The b10771 release of llama.cpp has been announced, featuring the addition of the mtmd_tokenize_from_parts function. This update enhances the command-line interface and expands platform support, including macOS, Linux, Windows, and openEuler. The release includes compatibility with Vulkan, ROCm, and CUDA environments, although no new model architectures are introduced. This update underscores llama.cpp's focus on broadening its usability across various hardware configurations.

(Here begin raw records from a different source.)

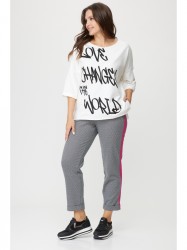 Джемпер свободного кроя (оверсайз) длиной по линии бедер, с округлой горловиной, рукавом 3/4 и цельнокроеной манжетой (отворот на лицо). По переду джемпер декорирован принтом.
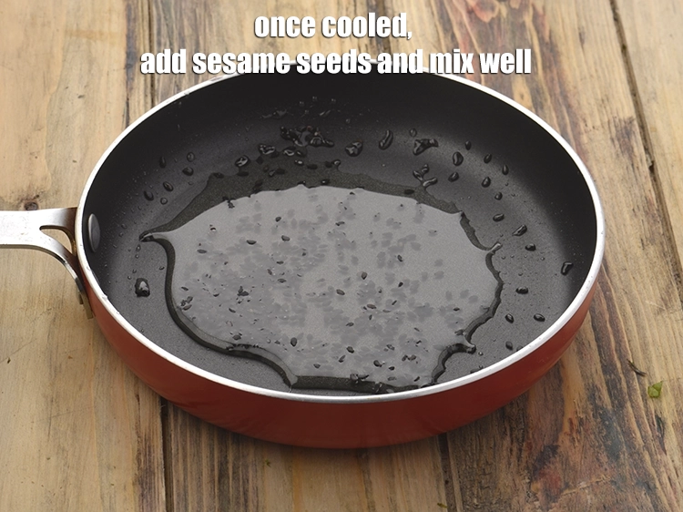 - Once cooled, add the sesame seeds and mxi well. Keep aside.
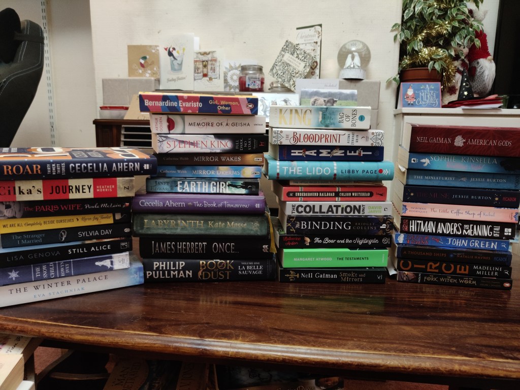And finally we have the Charity Shop Pile (or return to owner pile). Making this pile was really difficult, and there are more than a few books on that pile that I would happily read. However, I felt strongly that the size of my TBR pile was overwhelming and that despite it now being more organised, something had to go.
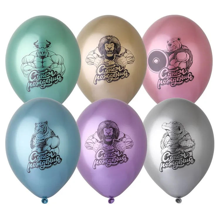 Высококачественный шар из натурального латекса. Ассорти из 10-12 цветов, типа пастель. Шары с двусторонним шелкографическим рисунком. Идеальный ассортимент для розничной продажи воздушных шариков.

Read originalThe b10764 release of llama.cpp marks another step in its evolution, enhancing its reach across different computing environments. With new support for Ubuntu systems using Vulkan and ROCm 7.14, and Windows systems equipped with CUDA 13, developers gain more flexibility in deploying AI models. This update doesn't bring new features but reinforces llama.cpp's adaptability, making it a reliable choice for developers working with diverse hardware setups. By broadening its compatibility, llama.cpp continues to be a preferred runtime for those seeking performance optimization across a spectrum of platforms.
Llama.cpp's b10766 release marks a notable enhancement by enabling input vision capabilities for the deepseek4 model. This update expands the framework's reach across a variety of platforms, including macOS, Linux, and Windows, with integration for Vulkan, ROCm, and CUDA technologies. While no new models are added, the focus is on strengthening the existing infrastructure, making it more adaptable for developers using different hardware setups. This quiet yet impactful update ensures that llama.cpp remains a versatile and reliable tool for AI developers, enhancing its utility without altering its core model offerings.
Alibaba has released the Qwen3.8-27b model as open source, allowing local deployment.